Several of these companies, some of which have been inactive for years and have failed to publish updated financial reports, witnessed sharp price hikes even as the overall market remained in a downturn for the third straight session this week.
On Thursday, among the top 10 gainers on the DSE, two were junk stocks while seven belonged to the B category. A stock is classified as junk if the company has kept its commercial operation shut for six months in a row, or failed to pay dividends for two consecutive years, or failed to hold its annual general meeting in time.
These underperforming stocks are significantly beating their industry peers nowadays that are in regular business operation, posting profits and giving dividends to their shareholders.
Market analysts said the price hike of the poorly performing companies or closed firms give a message that market manipulators are still active in the secondary market despite stricter punitive measures taken by the newly formed commission against wrongdoers.
"Speculative trading and short-term profit motives may have fuelled low-performing stocks rally, as no major fundamentals changes were seen in most of these companies," said Md Sajedul Islam, managing director of Shyamol Equity Management.

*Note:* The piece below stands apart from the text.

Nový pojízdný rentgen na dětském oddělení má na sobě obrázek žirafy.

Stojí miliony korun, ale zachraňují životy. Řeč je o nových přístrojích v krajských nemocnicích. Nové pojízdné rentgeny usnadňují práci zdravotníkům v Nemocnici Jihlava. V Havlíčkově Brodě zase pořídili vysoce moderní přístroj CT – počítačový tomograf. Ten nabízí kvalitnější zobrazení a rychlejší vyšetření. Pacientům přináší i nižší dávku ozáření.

A notable example is Information Services Network, an IT firm whose stock price surged by 10 per cent on Thursday, making it the day's top gainer. This is despite the company reporting a loss of Tk 1.86 million for the nine months ending in March this year and paying just a 0.50 per cent cash dividend for FY24, following a nominal profit of Tk 1.34 million.
Moreover, the company's sponsor-directors also failed to hold a minimum 30 per cent shareholding jointly. They held only 21.47 per cent stake in the company.
Despite such grim financial performance, the IT firm's stock jumped more than 47 per cent this week to close at Tk 72.6 on Thursday.
Such an unusual price movement in recent times prompted the prime bourse to serve a show-cause notice on Tuesday to the company authority, enquiring about the reasons behind that.
The company returned a knee-jerk response, saying there was no undisclosed price-sensitive information for the recent price hike.
Even after being served show-cause notice, its stock price did not stop rising and soared 10 per cent further on Thursday, bringing into question investors' preference for such poor-performing stock.
Another poor performing company -- Samata Leather Complex -- which did not publish any quarterly financial results for FY25, saw its stock jump 9.92 per cent to 104.2 on Thursday.
Also, Samata Leather's stock price soared 47 per cent in a month from Tk 70.7 on July 22 this year, without any reason for investors to be keen on betting on the stock.
Though business operations had remained suspended, Zahintex Industries, a junk stock, surged 8.70 per cent and Zeal Bangla Sugar Mills, another junk stock, jumped 8.30 per cent on Thursday, becoming the day's seventh and 10th top gainers respectively.
The share price surge of closed companies is raising questions and analysts are suspecting price manipulation behind the price jump.
Without manipulation, such a kind of price jump of closed companies is not possible, said Mr Islam.
He said a stock exhibits rally when a certain group of people influence the price while others join the rally not to miss out on the opportunity to make quick bucks.
Manipulators have been turning to poor-performing stocks in the past few weeks, with hopes of higher returns from lower investments, he said.
The investors need to be careful to put money on low-performing stocks, he added.
Meanwhile, the benchmark equity index extended the losing streak for a third straight session on Thursday, as investors continued to prefer profit-taking and adopting a conservative stance ahead of the upcoming earnings and dividend declaration season.
The DSEX, key index of the Dhaka bourse, went down by more than 4 points or 0.08 per cent to 5,375 on Thursday. It lost 45 points in the past three sessions.
The DS30 index, a group of 30 prominent companies, however, gained 3 points to 2,089 and the DSES Index, which represents Shariah-based companies, rose nearly 3 points to 1,180.
The market participation remained subdued as the turnover came down to Tk 7.67 billion, down 20 per cent from the previous day's Tk 9.54 billion.
The Chittagong Stock Exchange also ended lower, with its All Share Price Index (CASPI) losing 65 points to 15,025, while the Selective Categories Index (CSCX) fell 42 points to 9,218.